The argument against torture is slipping away from us. In fact, I’m getting the sinking feeling that it’s over. What was once taboo is now publicly acknowledged as completely acceptable by many people. Indeed, disapproval of torture is now being characterized as a strictly partisan issue, like welfare reform or taxes.

Here’s a representative exchange from Chris Matthews today in a discussion of whether or not it’s a political problem for Nancy Pelosi to be seen as knowing about torture:

Chris Cillizza: There was a poll a week or two ago, an independent poll, a media poll that asked people whether what had gone on a Gitmo was torture and by a large majority people said yes. The next question was did they think that those techniques would be necessary in certain circumstances and a slimmer, but still more people said yes than no so you have this weird disconnect. People do think it is torture, but they feel like if it yeilds results that it’s the right thing to do, so this is tough especially as it relates to the Democratic Party base which clearly believes that this is something that is wrong, wrong, wrong.

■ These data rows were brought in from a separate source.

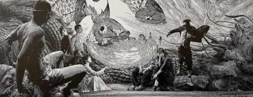 《洪荒》黑白木刻版画 80×105cm
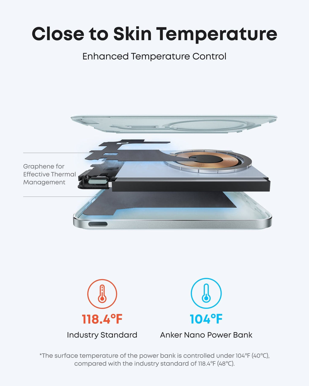 - 104℉ for Safer Handling: With the exceptional cooling benefits of graphene, dual NTC chips, and smart charging adjustments, this power bank stays below 104℉, 14 degrees cooler than the industry standard, for safer and more reliable charging performance.
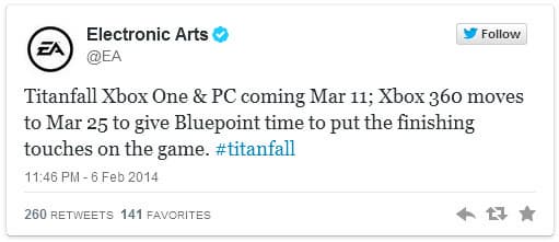 Компания Electronic Arts сообщила о том, что выход версии мультиплеерного шутера Titanfall для Xbox 360 был отложен на две недели, которые позволят разработчикам окончательно отполировать игру.
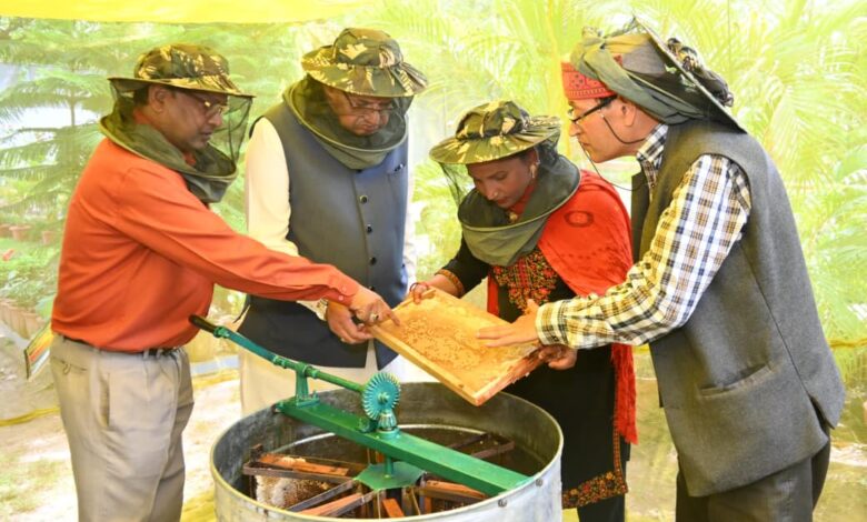 कृषि मंत्री ने कहा उत्तराखण्ड में 9000 से अधिक कृषक मधुमक्खी पालन व्यवसायिक रूप से कर रहे हैं, जिससे लगभग 3300 एमटी का उत्पादन हो रहा है। इसके अतिरिक्त कई कृषक छोटे स्केल पर भी मधुमक्खी पालन कर रहे हैं। कृषिको द्वारा मुख्यतः इन्डिका और मेलिफेरा प्रजातियों से शहद का उत्पादन किया जा रहा है। कृषि मंत्री ने बताया कि हमारी सरकार ने हर जिले में एक मधुग्राम और जनपद चम्पावत व देहरादून में दो मधुग्राम भी चयनित किये गये हैं। उन्होंने बताया कि उत्तराखण्ड में शहद के प्रसंस्करण हेतु 13 मधु प्रसंस्करण इकाईयॉ स्थापित हैं, जिनकी प्रसंस्करण क्षमता 200 मै0टन प्रतिदिन से भी अधिक है। राज्य में मौनपालन को बढ़ावा देने हेतु केन्द्रपोषित बागवानी मिशन योजनान्तर्गत 40 प्रतिशत अनुदान, राज्य सेक्टर की मधुग्राम योजनान्तर्गत 40 प्रतिशत टॉपअप प्रदान करते हुए कुल 80 प्रतिशत अनुदान से लाभान्वित किया जा रहा है। पर-परागण के लिए परिवहन पर 750 रुपये प्रति मौनबॉक्स अनुदान प्रदान किया जा रहा है। केन्द्रपोषित राष्ट्रीय मधुमक्खीपालन एवं शहद मिशन योजनान्तर्गत मौनपालन से सम्बन्धित इकाई स्थापना हेतु 90 प्रतिशत अनुदान प्रदान किया जा रहा है। उत्तराखण्ड में उत्पादित होने वाला शहद उच्च गुणवत्ता युक्त है। सरकार के विभिन्न प्रयासों के माध्यम से शहद उत्पादन के लिए किसानों को बेहतर सुविधाएं और प्रशिक्षण दिया जा रहा है। इस अवसर पर बागवानी मिशन के निदेशक महेन्द्र पाल, मुख्य उद्यान अधिकारी डा. डी.के. तिवारी, पिंकी स्वयं सहायता समूह से पिंकी, किरन आदि सहित अन्य अधिकारी भी उपस्थित रहे।

Matthews: (to Harold Ford) … You seem to be suggesting you can’t be both tough as nails and at the same time looks as if you worry about human rights violations. Is that a problem or not?

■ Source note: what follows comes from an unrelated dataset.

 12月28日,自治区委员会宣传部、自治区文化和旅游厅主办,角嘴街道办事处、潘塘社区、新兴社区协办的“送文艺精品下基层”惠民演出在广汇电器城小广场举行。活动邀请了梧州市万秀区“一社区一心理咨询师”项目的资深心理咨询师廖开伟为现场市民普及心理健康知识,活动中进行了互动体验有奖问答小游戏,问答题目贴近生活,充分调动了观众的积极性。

Harold Ford: No I … Eric Holder said this best when referring to the Ted Stevens case in the aftermath when they said they wouldn’t move forward when they said the United States would not move forward. He said the most important thing in the justice department is not winning, it is justice.

So, in this sense, I think having the conversation about what happened at Guantanamo Bay, and I’m not as outraged as some about it, because I think some of those techniques were enhanced and might have risen to a level of torture, you have to remember when this was occurring, this was 2002 and 2003. The country was in a different place and a different space and if you were to say to me as an American, put aside my partisanship, that we have an opportunity to gain information that would prevent the destruction of an American city to prevent killings in an American city, and we have to use certain techniques, I’m one of those Americans who would have voted acertain way Chris in that polling that said it might have been torture, but I’m not as outraged.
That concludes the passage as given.